Only one stretch of the records below should be repeated. It starts with the line containing "ランチャンネルの潤滑に" and goes on through the line containing "นำท่านเดินทางไปยังเนินเขา Piazzale Michelangelo", exactly as written.
Start of RECORD EXCERPTS
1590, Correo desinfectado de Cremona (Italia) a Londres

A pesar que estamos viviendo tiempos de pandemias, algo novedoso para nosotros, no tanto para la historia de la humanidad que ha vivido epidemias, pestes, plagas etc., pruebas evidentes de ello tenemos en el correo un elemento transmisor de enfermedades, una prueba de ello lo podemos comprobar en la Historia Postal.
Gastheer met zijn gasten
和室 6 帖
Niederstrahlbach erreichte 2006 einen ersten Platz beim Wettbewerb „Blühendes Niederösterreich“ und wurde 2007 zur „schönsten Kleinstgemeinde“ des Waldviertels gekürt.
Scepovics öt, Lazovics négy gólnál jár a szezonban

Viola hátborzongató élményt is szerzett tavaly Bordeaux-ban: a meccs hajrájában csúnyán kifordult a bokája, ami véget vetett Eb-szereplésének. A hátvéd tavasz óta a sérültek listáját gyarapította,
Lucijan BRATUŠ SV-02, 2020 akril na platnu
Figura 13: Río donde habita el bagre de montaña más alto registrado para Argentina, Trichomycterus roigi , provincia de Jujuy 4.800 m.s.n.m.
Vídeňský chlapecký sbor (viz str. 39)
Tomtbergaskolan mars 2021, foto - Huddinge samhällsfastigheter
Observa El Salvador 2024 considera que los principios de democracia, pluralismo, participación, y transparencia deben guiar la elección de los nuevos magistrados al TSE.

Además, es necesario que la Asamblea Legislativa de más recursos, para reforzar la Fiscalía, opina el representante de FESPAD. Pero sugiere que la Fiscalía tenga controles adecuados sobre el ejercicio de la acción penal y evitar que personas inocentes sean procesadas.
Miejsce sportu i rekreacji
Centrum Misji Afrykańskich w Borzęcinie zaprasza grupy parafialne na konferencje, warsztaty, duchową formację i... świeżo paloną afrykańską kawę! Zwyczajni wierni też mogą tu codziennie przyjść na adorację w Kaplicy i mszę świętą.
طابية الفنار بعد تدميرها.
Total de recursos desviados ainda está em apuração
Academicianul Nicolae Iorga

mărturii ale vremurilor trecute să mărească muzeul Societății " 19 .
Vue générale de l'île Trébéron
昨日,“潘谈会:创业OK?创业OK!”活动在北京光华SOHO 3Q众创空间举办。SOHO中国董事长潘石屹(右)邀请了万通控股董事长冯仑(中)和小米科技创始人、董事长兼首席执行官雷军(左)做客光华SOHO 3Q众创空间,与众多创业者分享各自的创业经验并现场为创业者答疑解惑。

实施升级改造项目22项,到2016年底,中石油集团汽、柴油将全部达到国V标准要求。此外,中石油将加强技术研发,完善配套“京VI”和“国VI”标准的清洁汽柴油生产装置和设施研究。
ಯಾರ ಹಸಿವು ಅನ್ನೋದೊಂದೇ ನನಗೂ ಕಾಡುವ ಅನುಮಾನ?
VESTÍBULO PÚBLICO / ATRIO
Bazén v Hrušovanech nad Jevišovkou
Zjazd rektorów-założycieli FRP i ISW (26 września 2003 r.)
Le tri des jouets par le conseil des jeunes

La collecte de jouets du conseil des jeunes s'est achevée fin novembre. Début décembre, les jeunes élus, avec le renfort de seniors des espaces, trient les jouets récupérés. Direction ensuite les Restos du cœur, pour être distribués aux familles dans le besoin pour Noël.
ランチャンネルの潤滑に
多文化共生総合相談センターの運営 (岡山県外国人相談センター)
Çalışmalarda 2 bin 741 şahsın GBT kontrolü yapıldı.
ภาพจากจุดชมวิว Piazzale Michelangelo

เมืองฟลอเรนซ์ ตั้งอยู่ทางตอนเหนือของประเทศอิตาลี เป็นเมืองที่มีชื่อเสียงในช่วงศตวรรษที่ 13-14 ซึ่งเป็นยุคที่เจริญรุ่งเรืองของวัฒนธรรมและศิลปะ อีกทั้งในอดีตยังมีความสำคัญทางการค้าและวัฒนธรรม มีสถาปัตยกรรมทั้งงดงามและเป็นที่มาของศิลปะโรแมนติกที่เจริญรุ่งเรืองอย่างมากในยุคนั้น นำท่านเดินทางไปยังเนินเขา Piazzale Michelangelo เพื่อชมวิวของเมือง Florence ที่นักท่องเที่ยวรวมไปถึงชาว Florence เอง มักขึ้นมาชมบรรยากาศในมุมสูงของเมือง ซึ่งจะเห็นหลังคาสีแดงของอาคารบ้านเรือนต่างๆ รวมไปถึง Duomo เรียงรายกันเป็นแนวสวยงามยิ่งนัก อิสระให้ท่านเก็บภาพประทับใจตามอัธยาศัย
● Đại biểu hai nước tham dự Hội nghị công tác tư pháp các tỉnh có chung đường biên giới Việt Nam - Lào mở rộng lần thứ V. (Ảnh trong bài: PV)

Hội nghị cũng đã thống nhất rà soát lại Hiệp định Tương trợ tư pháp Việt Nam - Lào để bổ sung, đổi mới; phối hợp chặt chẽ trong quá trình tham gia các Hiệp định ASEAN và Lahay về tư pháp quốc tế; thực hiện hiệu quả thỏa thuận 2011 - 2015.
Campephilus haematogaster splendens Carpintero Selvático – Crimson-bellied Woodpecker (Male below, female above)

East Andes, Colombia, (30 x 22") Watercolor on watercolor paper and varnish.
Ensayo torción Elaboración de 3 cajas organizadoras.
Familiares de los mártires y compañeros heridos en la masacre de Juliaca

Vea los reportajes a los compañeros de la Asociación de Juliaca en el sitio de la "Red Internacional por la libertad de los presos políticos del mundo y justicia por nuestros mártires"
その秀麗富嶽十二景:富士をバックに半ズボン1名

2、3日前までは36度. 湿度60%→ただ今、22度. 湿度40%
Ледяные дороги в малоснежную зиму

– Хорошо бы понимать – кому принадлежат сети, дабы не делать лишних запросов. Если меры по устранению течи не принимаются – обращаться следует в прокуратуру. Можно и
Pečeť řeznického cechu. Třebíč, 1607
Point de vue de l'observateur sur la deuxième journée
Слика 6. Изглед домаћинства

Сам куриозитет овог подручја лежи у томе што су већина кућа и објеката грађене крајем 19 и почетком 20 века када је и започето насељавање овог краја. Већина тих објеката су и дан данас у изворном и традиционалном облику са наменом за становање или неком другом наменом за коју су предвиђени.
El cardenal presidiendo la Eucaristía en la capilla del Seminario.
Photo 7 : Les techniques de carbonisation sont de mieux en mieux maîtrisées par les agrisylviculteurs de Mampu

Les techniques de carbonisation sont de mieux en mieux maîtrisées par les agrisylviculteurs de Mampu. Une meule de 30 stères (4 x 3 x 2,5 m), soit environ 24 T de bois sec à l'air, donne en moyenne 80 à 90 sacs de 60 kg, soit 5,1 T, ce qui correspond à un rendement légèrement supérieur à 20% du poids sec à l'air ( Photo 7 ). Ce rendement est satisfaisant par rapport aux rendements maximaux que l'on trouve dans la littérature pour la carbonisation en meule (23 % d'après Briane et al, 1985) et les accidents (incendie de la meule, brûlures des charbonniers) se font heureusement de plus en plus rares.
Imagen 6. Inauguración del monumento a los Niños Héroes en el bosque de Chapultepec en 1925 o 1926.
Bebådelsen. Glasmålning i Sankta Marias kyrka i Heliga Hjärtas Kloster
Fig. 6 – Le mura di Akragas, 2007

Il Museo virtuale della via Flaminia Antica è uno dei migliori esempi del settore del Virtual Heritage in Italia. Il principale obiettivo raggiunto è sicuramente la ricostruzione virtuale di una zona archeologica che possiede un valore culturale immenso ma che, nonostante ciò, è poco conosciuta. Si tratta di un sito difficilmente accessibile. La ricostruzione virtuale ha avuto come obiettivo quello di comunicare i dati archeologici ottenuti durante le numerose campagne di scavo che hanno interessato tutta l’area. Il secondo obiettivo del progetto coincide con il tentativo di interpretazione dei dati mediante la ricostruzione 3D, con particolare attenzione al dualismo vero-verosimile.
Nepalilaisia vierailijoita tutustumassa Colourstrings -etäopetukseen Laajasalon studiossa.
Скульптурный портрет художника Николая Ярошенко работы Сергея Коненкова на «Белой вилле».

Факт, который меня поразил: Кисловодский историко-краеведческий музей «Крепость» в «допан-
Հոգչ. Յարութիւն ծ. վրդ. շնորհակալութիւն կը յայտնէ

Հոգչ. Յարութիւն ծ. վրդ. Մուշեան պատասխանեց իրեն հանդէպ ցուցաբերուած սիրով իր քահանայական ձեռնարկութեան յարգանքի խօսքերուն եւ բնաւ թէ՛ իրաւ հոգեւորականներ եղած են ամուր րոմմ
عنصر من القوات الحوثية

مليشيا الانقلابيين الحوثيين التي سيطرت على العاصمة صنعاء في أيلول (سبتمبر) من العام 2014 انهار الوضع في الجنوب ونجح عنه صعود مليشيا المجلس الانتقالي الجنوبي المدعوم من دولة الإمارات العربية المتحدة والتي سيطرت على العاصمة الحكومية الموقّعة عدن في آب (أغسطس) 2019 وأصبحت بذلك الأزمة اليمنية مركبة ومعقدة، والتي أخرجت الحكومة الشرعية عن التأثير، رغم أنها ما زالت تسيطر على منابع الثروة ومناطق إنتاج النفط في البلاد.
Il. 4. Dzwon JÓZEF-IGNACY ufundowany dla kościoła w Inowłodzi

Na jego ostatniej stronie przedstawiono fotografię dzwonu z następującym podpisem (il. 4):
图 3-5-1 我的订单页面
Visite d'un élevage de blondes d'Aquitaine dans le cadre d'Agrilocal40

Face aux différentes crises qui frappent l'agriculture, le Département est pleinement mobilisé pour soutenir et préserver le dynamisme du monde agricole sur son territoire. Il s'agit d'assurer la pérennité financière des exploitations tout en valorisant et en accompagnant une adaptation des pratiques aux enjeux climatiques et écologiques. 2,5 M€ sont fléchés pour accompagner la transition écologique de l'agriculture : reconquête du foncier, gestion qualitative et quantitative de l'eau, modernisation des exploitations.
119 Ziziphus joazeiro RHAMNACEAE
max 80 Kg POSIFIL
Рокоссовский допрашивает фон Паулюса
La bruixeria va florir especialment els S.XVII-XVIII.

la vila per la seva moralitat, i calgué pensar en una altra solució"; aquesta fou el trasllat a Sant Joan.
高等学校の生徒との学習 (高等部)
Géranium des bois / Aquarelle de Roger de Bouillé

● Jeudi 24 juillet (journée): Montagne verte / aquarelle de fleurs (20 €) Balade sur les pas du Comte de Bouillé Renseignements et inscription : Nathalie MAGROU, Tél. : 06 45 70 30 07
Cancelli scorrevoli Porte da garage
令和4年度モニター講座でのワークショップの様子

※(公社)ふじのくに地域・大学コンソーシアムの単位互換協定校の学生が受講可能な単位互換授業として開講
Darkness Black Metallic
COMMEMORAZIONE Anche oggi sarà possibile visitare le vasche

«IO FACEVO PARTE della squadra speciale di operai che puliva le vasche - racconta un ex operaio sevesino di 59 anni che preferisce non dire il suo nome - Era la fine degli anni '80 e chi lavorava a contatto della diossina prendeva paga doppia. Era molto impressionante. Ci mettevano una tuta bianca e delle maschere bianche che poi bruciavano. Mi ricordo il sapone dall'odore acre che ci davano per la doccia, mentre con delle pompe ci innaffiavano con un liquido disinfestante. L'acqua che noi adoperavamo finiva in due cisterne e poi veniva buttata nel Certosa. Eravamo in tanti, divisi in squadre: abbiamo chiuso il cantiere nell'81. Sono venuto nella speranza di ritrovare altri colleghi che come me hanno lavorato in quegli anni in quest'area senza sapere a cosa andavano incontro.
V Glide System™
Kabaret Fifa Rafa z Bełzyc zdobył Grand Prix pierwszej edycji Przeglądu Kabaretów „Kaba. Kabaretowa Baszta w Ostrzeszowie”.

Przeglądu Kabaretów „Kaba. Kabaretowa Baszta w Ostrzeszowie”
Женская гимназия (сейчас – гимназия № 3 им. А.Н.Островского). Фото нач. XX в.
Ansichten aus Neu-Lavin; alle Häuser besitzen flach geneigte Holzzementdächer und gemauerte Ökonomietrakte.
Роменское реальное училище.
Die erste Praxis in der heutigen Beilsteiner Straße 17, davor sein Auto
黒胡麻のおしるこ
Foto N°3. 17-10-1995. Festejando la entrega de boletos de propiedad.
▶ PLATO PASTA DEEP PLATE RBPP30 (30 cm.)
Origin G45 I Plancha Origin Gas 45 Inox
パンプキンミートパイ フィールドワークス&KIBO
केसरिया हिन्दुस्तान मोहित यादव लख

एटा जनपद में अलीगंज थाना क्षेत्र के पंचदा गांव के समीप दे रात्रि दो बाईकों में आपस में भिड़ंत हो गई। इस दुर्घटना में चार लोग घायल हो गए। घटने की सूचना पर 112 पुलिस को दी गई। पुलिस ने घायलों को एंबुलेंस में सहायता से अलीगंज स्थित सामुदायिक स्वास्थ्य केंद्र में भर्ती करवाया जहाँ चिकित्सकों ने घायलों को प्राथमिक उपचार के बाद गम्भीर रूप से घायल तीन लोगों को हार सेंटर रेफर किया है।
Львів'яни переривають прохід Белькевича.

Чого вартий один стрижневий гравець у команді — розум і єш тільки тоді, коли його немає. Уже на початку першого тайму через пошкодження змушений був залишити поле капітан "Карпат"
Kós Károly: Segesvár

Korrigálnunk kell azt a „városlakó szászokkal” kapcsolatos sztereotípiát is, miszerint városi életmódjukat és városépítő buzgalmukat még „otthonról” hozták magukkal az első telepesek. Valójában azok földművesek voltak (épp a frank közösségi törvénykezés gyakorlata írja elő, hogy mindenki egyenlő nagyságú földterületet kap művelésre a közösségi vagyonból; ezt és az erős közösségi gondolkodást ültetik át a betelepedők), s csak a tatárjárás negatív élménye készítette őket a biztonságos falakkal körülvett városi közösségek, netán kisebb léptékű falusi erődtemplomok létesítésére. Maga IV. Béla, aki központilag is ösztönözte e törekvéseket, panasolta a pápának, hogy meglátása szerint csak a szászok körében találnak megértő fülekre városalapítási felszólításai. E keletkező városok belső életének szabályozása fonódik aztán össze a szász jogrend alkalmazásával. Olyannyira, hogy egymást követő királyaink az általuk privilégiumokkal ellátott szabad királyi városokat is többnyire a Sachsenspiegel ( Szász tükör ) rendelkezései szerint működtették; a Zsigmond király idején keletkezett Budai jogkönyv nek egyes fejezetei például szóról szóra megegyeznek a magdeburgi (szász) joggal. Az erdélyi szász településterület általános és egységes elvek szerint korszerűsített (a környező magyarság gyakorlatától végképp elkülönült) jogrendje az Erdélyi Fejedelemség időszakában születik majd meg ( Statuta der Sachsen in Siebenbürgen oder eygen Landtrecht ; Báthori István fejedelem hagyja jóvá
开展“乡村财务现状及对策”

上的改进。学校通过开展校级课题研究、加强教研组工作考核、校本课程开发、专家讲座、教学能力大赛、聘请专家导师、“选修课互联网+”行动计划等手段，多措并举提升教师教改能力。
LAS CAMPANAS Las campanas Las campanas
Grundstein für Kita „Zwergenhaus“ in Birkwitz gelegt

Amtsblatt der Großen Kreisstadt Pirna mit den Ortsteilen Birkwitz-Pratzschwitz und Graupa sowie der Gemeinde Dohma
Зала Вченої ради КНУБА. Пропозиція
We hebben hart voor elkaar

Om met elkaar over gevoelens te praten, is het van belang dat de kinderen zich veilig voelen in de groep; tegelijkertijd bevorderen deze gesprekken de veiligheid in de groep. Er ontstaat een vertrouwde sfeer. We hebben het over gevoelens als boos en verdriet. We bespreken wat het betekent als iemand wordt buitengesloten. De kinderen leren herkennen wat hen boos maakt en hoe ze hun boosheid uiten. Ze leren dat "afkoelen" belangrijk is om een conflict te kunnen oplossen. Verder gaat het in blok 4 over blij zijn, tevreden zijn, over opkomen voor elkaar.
End of RECORD EXCERPTS
* [EXERCISE RESPONSE]
ランチャンネルの潤滑に
多文化共生総合相談センターの運営 (岡山県外国人相談センター)
Çalışmalarda 2 bin 741 şahsın GBT kontrolü yapıldı.
ภาพจากจุดชมวิว Piazzale Michelangelo

เมืองฟลอเรนซ์ ตั้งอยู่ทางตอนเหนือของประเทศอิตาลี เป็นเมืองที่มีชื่อเสียงในช่วงศตวรรษที่ 13-14 ซึ่งเป็นยุคที่เจริญรุ่งเรืองของวัฒนธรรมและศิลปะ อีกทั้งในอดีตยังมีความสำคัญทางการค้าและวัฒนธรรม มีสถาปัตยกรรมทั้งงดงามและเป็นที่มาของศิลปะโรแมนติกที่เจริญรุ่งเรืองอย่างมากในยุคนั้น นำท่านเดินทางไปยังเนินเขา Piazzale Michelangelo เพื่อชมวิวของเมือง Florence ที่นักท่องเที่ยวรวมไปถึงชาว Florence เอง มักขึ้นมาชมบรรยากาศในมุมสูงของเมือง ซึ่งจะเห็นหลังคาสีแดงของอาคารบ้านเรือนต่างๆ รวมไปถึง Duomo เรียงรายกันเป็นแนวสวยงามยิ่งนัก อิสระให้ท่านเก็บภาพประทับใจตามอัธยาศัย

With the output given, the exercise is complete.